--- Data shown Enclosed Below ---

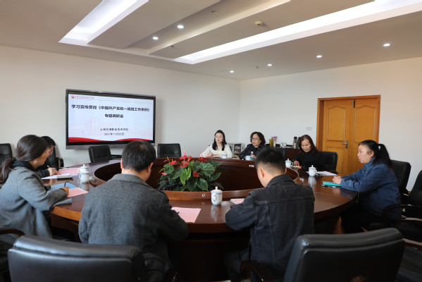 曹蓉蓉作汇报发言,她详细介绍了上海东海职业技术学院学习宣传贯彻《中国共产党统一战线工作条例》的情况,贯彻落实《条例》的具体举措,存在问题及下一步工作考虑。她说,在学校改革和发展过程中,学校党委始终坚持把统一战线工作作为一项重要工作来抓,紧紧围绕立德树人根本任务,认真学习宣传贯彻《条例》精神和要求,充分调动党外人士参政议政、关心学校改革发展的积极性和创造性,充分发挥党外知识分子的优势和作用,积极做好少数民族学生的思想政治教育,扎实推进学校发展。她说,学校成立民族宗教工作领导小组,通过形式多样、生动活泼的校园文化活动,唱响主旋律、弘扬正能量;在实际工作中,学校始终坚持提升民族辅导员教育服务管理能力,探索“1+2+3”少数民族学生思政教育创新实践,利用学校“五老”资源,积极打造“民族一家亲,关爱育新人”上海民办高校关心下一代工作特色品牌项目,并成立东石榴学生发展工作室,引导民族学生增加国家认同感、文化自信以及中华民族共同体意识教育,厚植家国情怀。她表示,今后校党委将更加高度重视统战工作,聚焦学校“十四五”规划实施,充分发挥统一战线团结凝聚优势,汇智聚力、建言献策,为学校发展汇聚强大正能量。
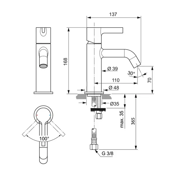 Specificatii tehnice Baterie lavoar Ideal Standard Atelier Joy monocomanda argintiu Silver Storm:
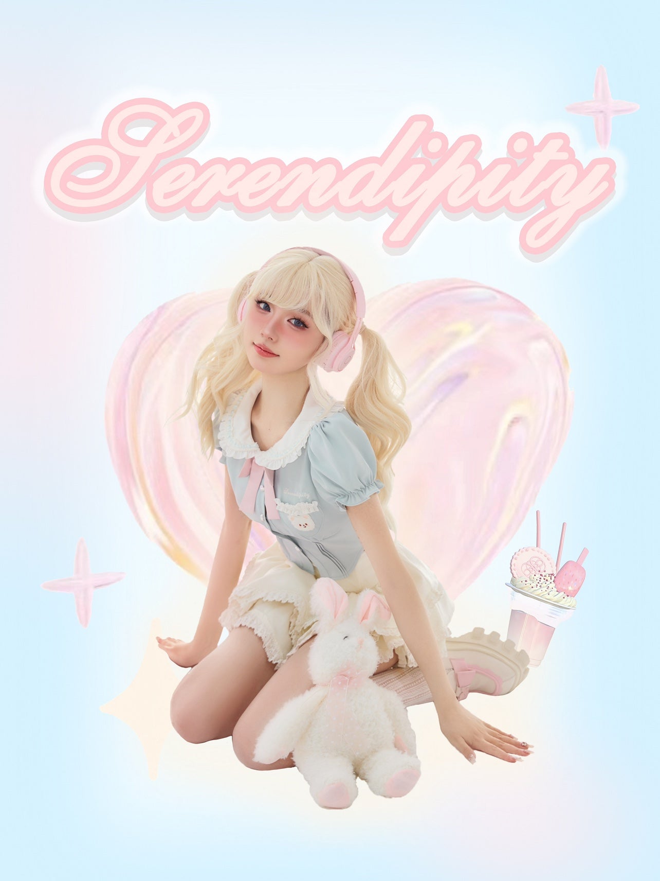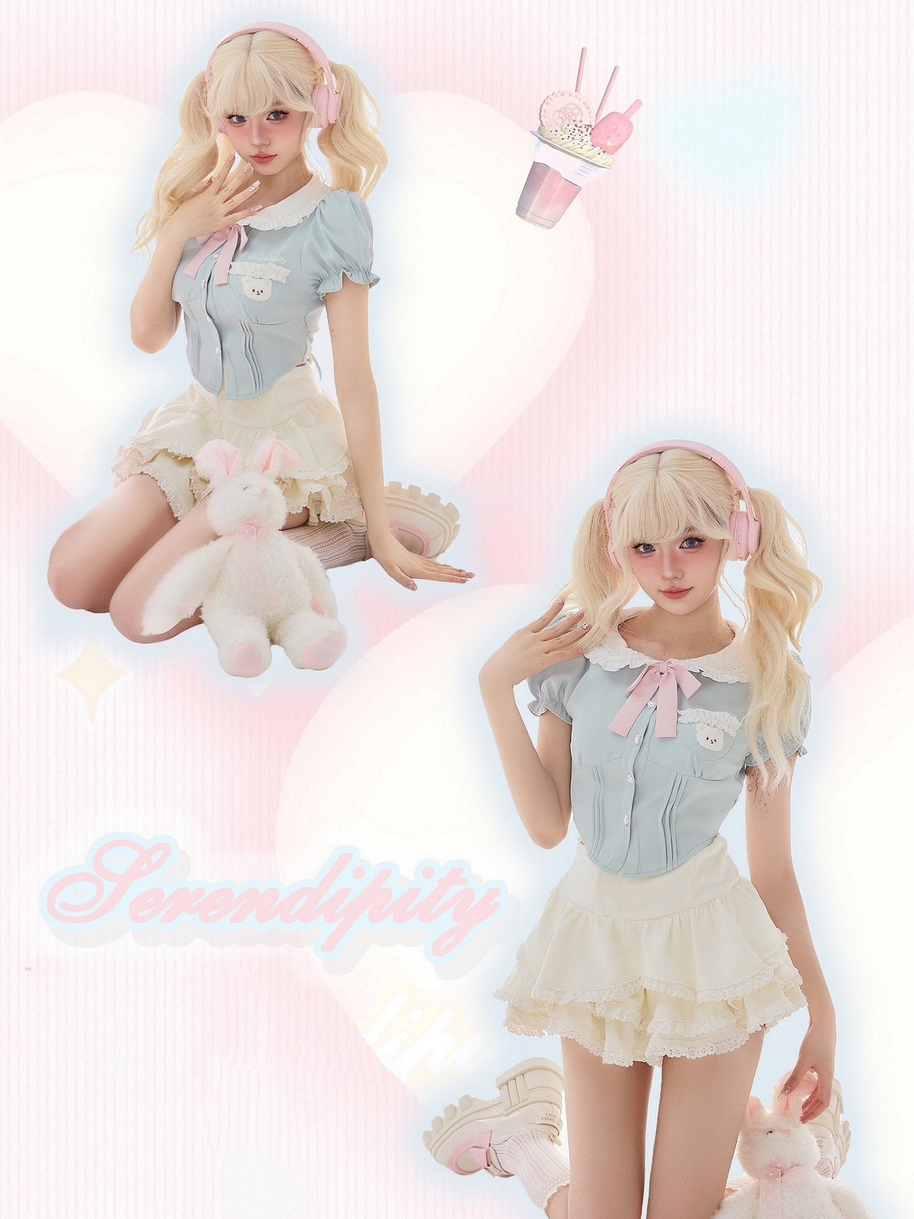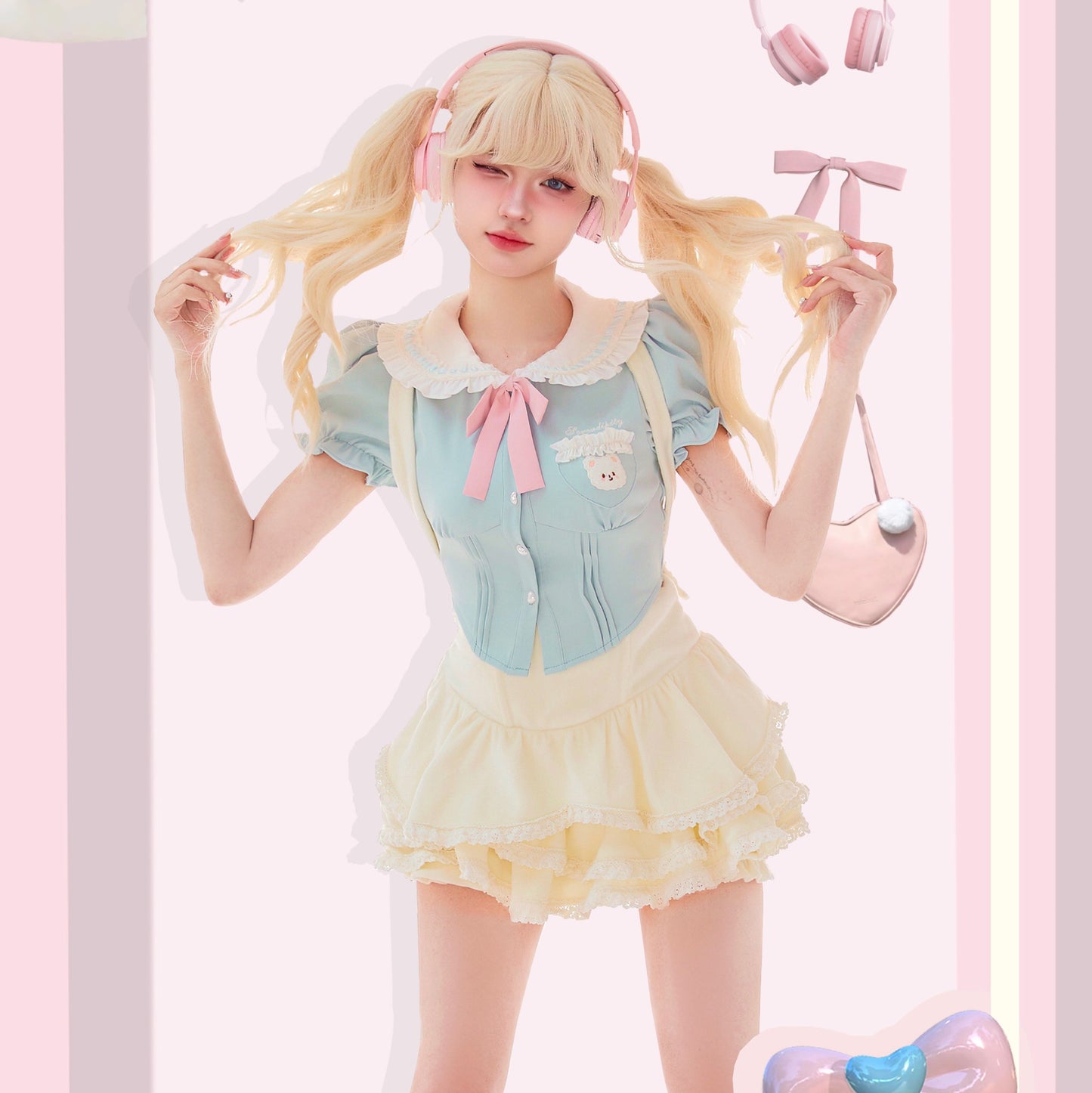 Serendipity Coquette White Doll Collar Bear Blue Puff Sleeve Shirt & White Ruffled Suspender Mini Skirt Two Piece Set
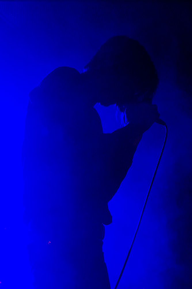 Die australische Band „Ascetic:“ eröffnete den musikalischen Abend mit düsteren und vor allen Dingen hypnotischen Klängen, mit denen eine schwermütige, sehnsuchtsvolle und kalte Atmosphäre kreiert wurde. Sänger/Bassist August Skipper – ein sehr schlanker und filigran wirkender junger Mann – schien sich wie in einer anderen Welt zu bewegen. Voller Leidenschaft gab er sich den Liedern hin. Es schien, als würde seine Stimme vom gesamten Körper erzeugt. Das Biegen, Wiegen, Krümmen und Stampfen synchron zum Rhythmus transportierte die Dynamik der Stücke in die Zuhörermenge. Das Duo faszinierte und begeisterte das Publikum gleichermaßen. Leider ließ der straffe Zeitplan keine Zugabe zu.
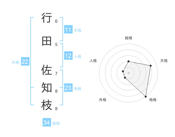 行田 佐知枝さんを姓名の画数から五運を鑑定
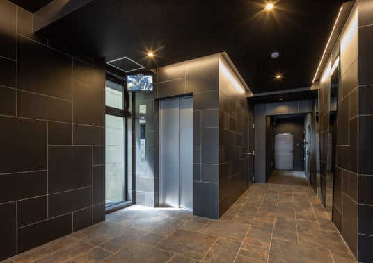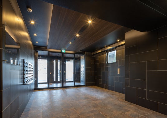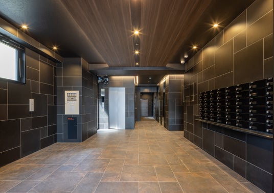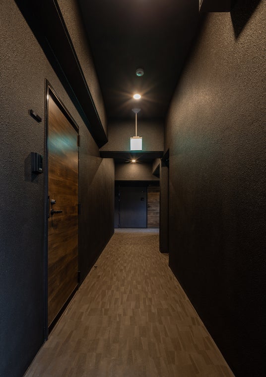 各住戸へと続く共用廊下は、マットな黒の質感で統一。余計な装飾を削ぎ落としたミニマルな空間に、木目調のドアがアクセントとして浮かび上がります。この実用的でありながらホテルライクな空間構成が、住まうことの誇りを日々鮮やかに彩ります。
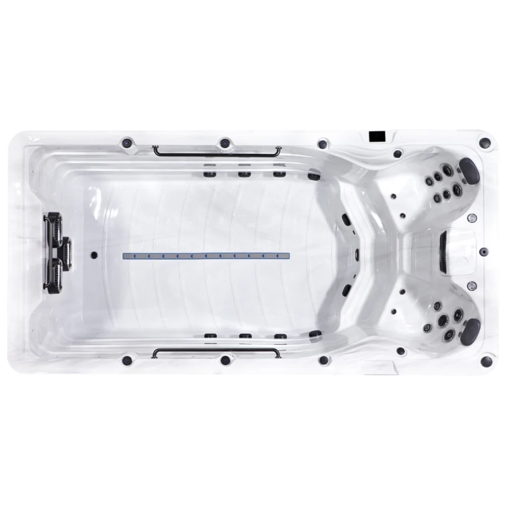 The Eros swim spa is one of the most compact options in our range of swim spas. It’s a perfect choice for family fun and fitness and is equipped with four powerful pumps that can be directed to the swim jets, diverted to the hot tub end, or adjusted half-and-half.

--- End of Enclosed Data shown ---

The answer must be the part of the records that opens with the line containing "Die australische Band" and closes with the line containing "各住戸へと続く共用廊下は、マ", reproduced exactly, with no pictures.

 Die australische Band „Ascetic:“ eröffnete den musikalischen Abend mit düsteren und vor allen Dingen hypnotischen Klängen, mit denen eine schwermütige, sehnsuchtsvolle und kalte Atmosphäre kreiert wurde. Sänger/Bassist August Skipper – ein sehr schlanker und filigran wirkender junger Mann – schien sich wie in einer anderen Welt zu bewegen. Voller Leidenschaft gab er sich den Liedern hin. Es schien, als würde seine Stimme vom gesamten Körper erzeugt. Das Biegen, Wiegen, Krümmen und Stampfen synchron zum Rhythmus transportierte die Dynamik der Stücke in die Zuhörermenge. Das Duo faszinierte und begeisterte das Publikum gleichermaßen. Leider ließ der straffe Zeitplan keine Zugabe zu.
 行田 佐知枝さんを姓名の画数から五運を鑑定
 各住戸へと続く共用廊下は、マットな黒の質感で統一。余計な装飾を削ぎ落としたミニマルな空間に、木目調のドアがアクセントとして浮かび上がります。この実用的でありながらホテルライクな空間構成が、住まうことの誇りを日々鮮やかに彩ります。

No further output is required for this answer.